• Material shown:
==*==

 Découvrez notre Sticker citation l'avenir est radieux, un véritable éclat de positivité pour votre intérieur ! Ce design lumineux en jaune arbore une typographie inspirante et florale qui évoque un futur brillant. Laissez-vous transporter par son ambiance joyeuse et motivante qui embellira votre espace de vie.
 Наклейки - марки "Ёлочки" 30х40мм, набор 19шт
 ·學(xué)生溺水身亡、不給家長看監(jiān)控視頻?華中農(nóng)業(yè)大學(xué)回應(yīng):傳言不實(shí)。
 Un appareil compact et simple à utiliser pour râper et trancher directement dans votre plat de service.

==*==

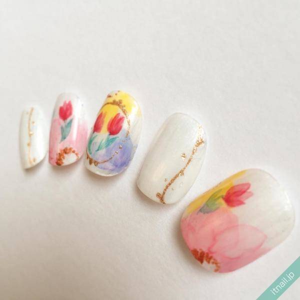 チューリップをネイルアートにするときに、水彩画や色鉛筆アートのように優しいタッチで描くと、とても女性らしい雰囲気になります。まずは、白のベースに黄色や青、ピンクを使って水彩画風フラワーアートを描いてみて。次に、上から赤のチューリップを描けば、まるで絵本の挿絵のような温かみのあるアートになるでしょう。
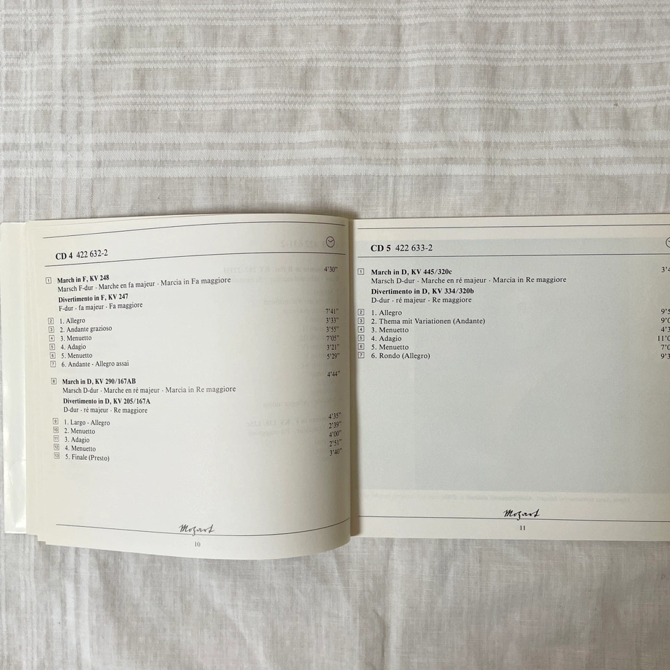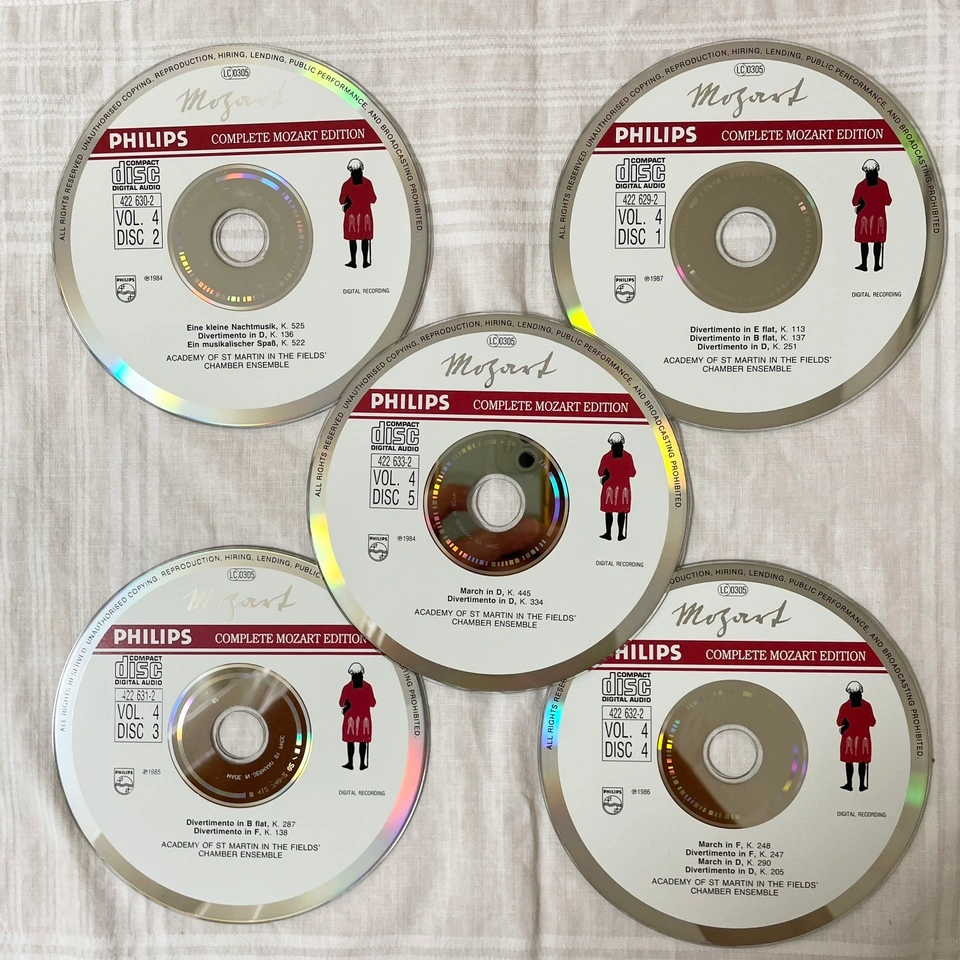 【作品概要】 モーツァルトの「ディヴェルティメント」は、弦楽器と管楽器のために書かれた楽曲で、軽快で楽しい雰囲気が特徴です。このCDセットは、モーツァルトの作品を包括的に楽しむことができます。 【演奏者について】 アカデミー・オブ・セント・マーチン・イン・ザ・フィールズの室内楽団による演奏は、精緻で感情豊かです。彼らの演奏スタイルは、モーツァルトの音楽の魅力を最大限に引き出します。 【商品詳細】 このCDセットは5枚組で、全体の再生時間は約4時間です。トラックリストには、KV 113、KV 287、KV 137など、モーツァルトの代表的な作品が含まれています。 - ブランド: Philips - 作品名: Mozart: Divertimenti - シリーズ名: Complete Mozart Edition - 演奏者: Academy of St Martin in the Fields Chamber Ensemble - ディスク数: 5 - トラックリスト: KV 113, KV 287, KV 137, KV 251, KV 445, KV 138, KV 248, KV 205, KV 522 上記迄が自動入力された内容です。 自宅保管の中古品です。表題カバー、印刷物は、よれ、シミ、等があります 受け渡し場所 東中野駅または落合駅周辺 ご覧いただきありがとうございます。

==*==

• Prompt:
Return, from the material above, each line holding the string "votre".

• Solution to this exercise:
 Découvrez notre Sticker citation l'avenir est radieux, un véritable éclat de positivité pour votre intérieur ! Ce design lumineux en jaune arbore une typographie inspirante et florale qui évoque un futur brillant. Laissez-vous transporter par son ambiance joyeuse et motivante qui embellira votre espace de vie.
 Un appareil compact et simple à utiliser pour râper et trancher directement dans votre plat de service.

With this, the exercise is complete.